Dari perspektif Kuhnian, tafsir PO-2014 dan PO-2019 bahwa jurnal ilmiah bereputasi adalah jurnal terindeks Scopus sebagai “the existing paradigm”, dan MJI sebagai “a new candidate for paradigm.” Untuk menjadi “successor paradigm,” MJI terlebih dahulu harus bertempur dan memenangkannya.
Dalam pertempuran tersebut, MJI harus mampu meyakinkan para pendukung PO-2014 dan PO-2019 bahwa gagasan tersebut lebih unggul daripada “the existing paradigm”.

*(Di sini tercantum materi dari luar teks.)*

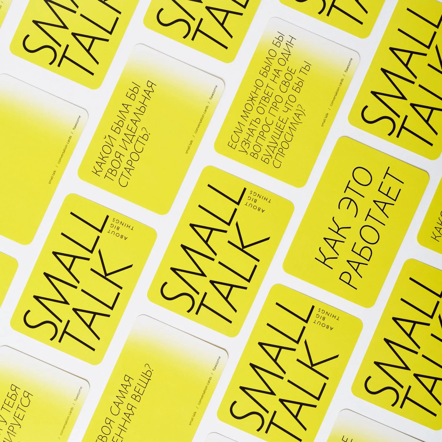 Small Talk - набор разговорных карточек, которые помогут растопить лед любой беседы, либо сделают посиделку с друзьями еще увлекательней.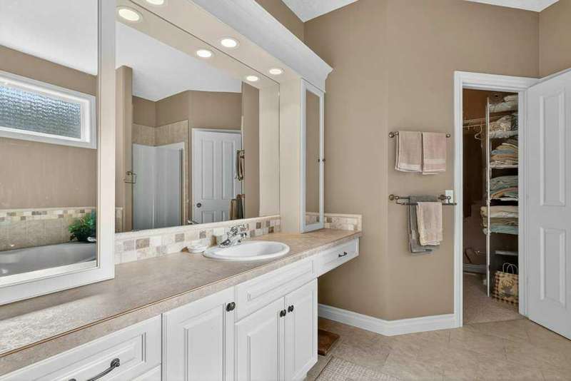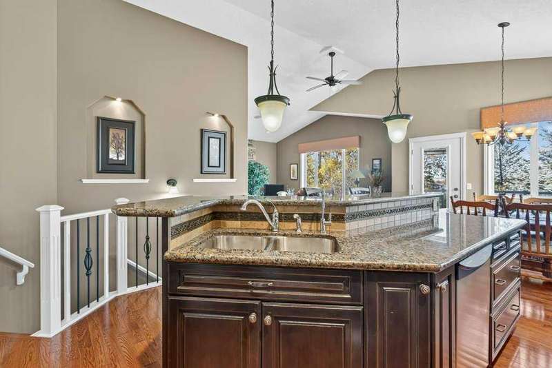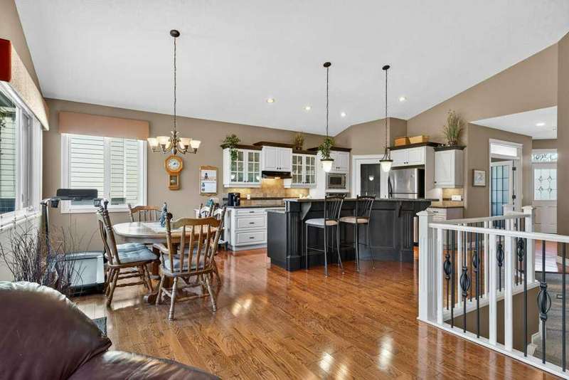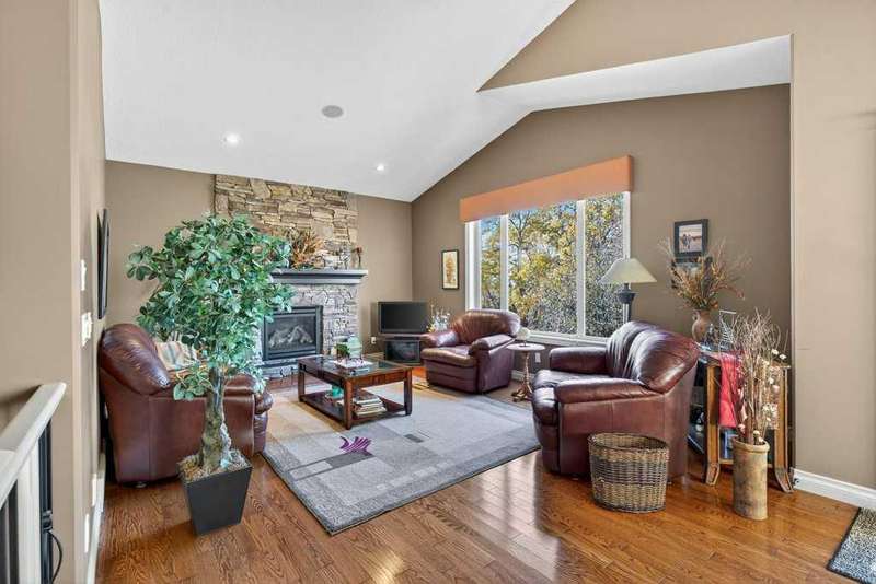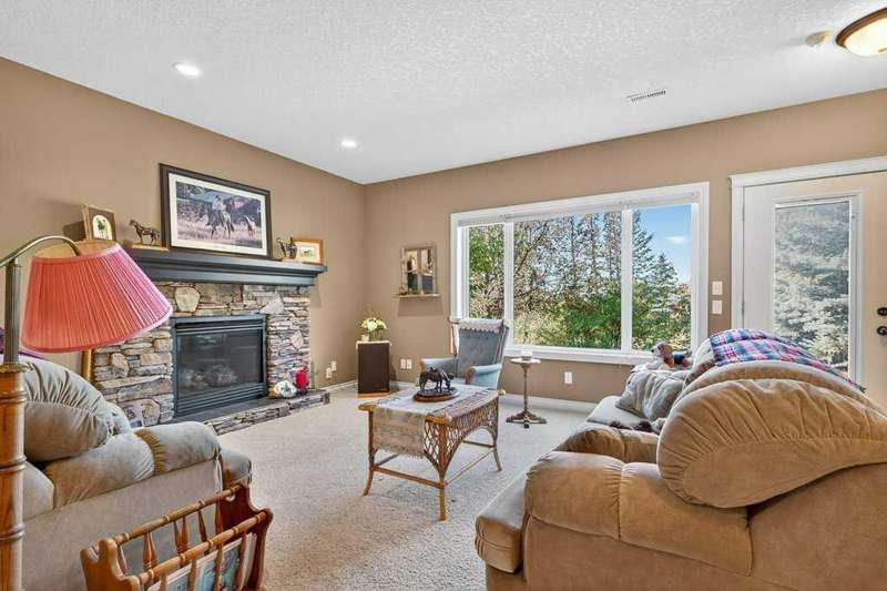 Welcome to your next home in Hillview Estates! This beautiful bungalow sits in one of the neighborhood’s most desirable locations, featuring a walkout basement that backs onto a quiet, peaceful canal. Step inside to an open-concept main floor that feels bright and airy, flowing seamlessly from the front door to large back windows overlooking your private, tree-lined yard. At the front of the home, an office with French doors and large windows offers an ideal workspace or can easily serve as a fourth bedroom. Hardwood floors flow throughout the kitchen and living area. The kitchen features two-tone cabinetry, stone countertops, and a spacious sit-up island, perfect for cooking or entertaining. The living room centers around a stone-clad fireplace, creating a warm, inviting atmosphere. The primary suite includes a walk-in closet and an ensuite bathroom with a shower and large soaking tub. Conveniently, located just outside the bedroom is the main-floor laundry room for easy access. Downstairs, the fully finished walkout basement offers a large recreation area with a second gas fireplace, two generous bedrooms and a full bathroom. One of the bedrooms features French doors that open directly onto the outdoor patio. Additional features include a heated, fully finished garage, a new roof (2025), and a built-in irrigation system. This home is truly move-in ready and waiting for its next owners. Homes like this don’t come up often in Hillview Estates, so book your showing today!

Unggul dalam hal penyediaan eksemplar dan model konseptual dan aktual untuk memecahkan teka-teki atau masalah terkait dengan pelik-pelik, anomali, bahkan krisis dalam publikasi jurnal ilmiah bereputasi.
Pada titik ini, gagasan MJI masih sangat prematur untuk menjadi “a new candidate for paradigm,” apalagi untuk menjadi “successor paradigm.” Selain belum ada rumusan kebijakan yang substantif terkait MJI, kendala dan masalah publikasi jurnal ilmiah bereputasi belum sampai tahapan anomali, apalagi krisis.

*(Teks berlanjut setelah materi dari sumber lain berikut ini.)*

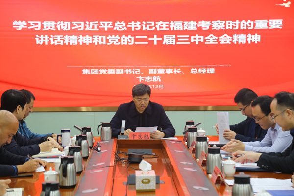 12月9日,集团党委副书记、副董事长、总经理卞志航到AG电子官方网站宣讲习近平总书记在福建考察时的重要讲话精神和党的二十届三中全会精神并巡听旁听党委理论学习中心组学习(扩大)研讨会。公司党委书记、董事长杨韬主持会议,公司领导班子成员及本部中层干部参加会议。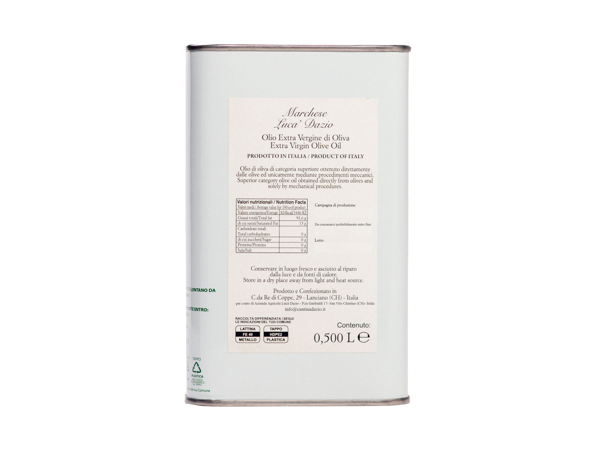 Olio extra vergine di oliva – Latta da 0,500 L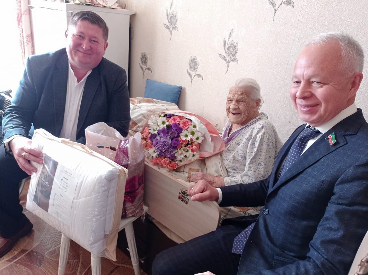 И.о. Главы администрации района Айрат Хуснуллин совместно с депутатом Государственного Совета РТ Ильдаром Шамиловым посетили ветерана, труженицу тыла, столетнего юбиляра Леонтьеву Зою Ивановну и вручили памятный подарок и букет цветов от имени Раиса Республики Татарстан, Мэра города Набережные Челны.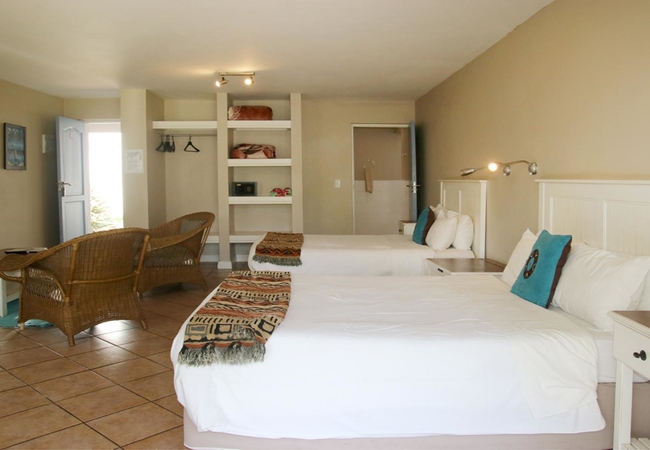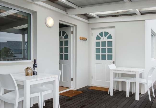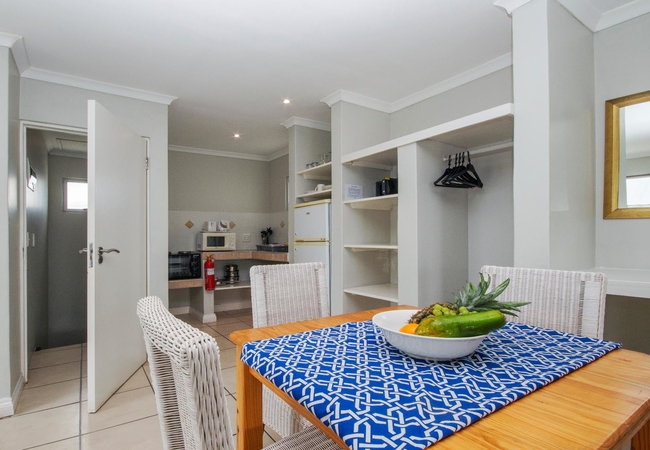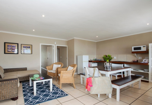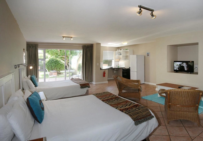 All the generous bedrooms in these apartments have their own doors leading outside and are en-suite, each with spacious showers and some with shower and separate bath. The bedrooms lead into the roomy lounge/dining area where you will find a compact yet generous kitchen kitted out with all the necessary bits and pieces. Each unit is furnished with a double bed in one room and two twin beds in the other. Well positioned to take advantage of sunny days. These apartments are great for families or even two couples who are holidaying together.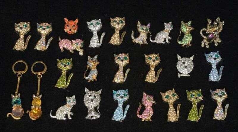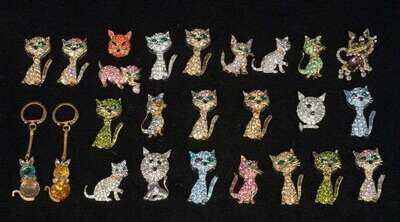 Large group of various rhinestone "cat" pins 1960s

Publikasi jurnal ilmiah bereputasi memang ada kendala dan memberikan tantangan tersendiri bagi dosen/peneliti. Namun, tidak ada akumulasi masalah yang mengindikasikan ke arah terjadinya anomali, apalagi krisis publikasi.

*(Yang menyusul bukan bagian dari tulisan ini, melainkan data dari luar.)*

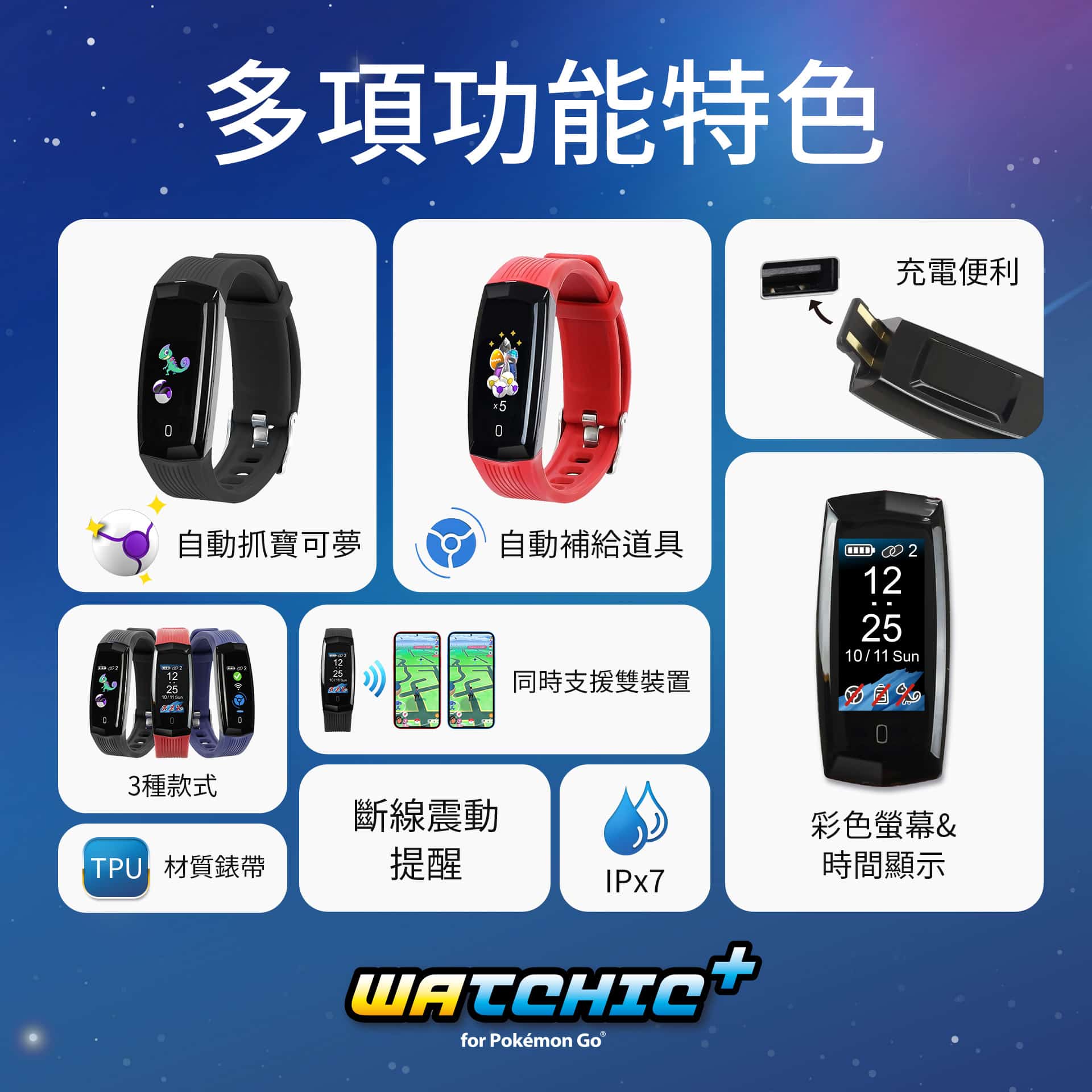 Pocket 系列自動抓寶手環是專門設計給《Pokémon GO》遊戲的周邊產品,為玩家們帶來最高效率、最穩定的自動抓寶及自動補給體驗,從邊走邊滑手機的窘境中解放,更加安全、便利地享受遊戲。而全新的「Watchic Plus」是此系列中最高階的款式,可支援雙裝置連接,一人擁有兩人使用,訓練家能與好友一同享受自動抓寶、補給的便利,增添兩人同遊的樂趣。

Bahkan, semenjak diberlakukan berbagai regulasi publikasi ke jurnal ilmiah bereputasi, telah terjadi banyak perubahan peningkatan kinerja dan produktivitas publikasi dosen maupun peneliti Indonesia.
Data dari https://www.scimagojr.com/ menunjukkan adanya peningkatan eksponensial jumlah publikasi jurnal internasional bereputasi yang terindeks di Scopus dalam rentang waktu tahun 2014—2020.
Peningkatan signifikan terjadi sejak tahun 2016 atau dua tahun setelah pemberlakuan PO-2014, yang mencapai 83.8%. Data SJR juga menunjukkan pada tahun 2020 Indonesia berada pada ranking ke-5 di Kawasan Asia, di bawah China, India, Jepang, dan Korea Utara, dengan 50.145 publikasi.
Ranking ini naik dibandingkan pada tahun 2014 yang berada pada ranking ke-11, di bawah Malaysia (R-6), Singapura (R-7), dan Thailand (R-9) dengan hanya 6.910 publikasi.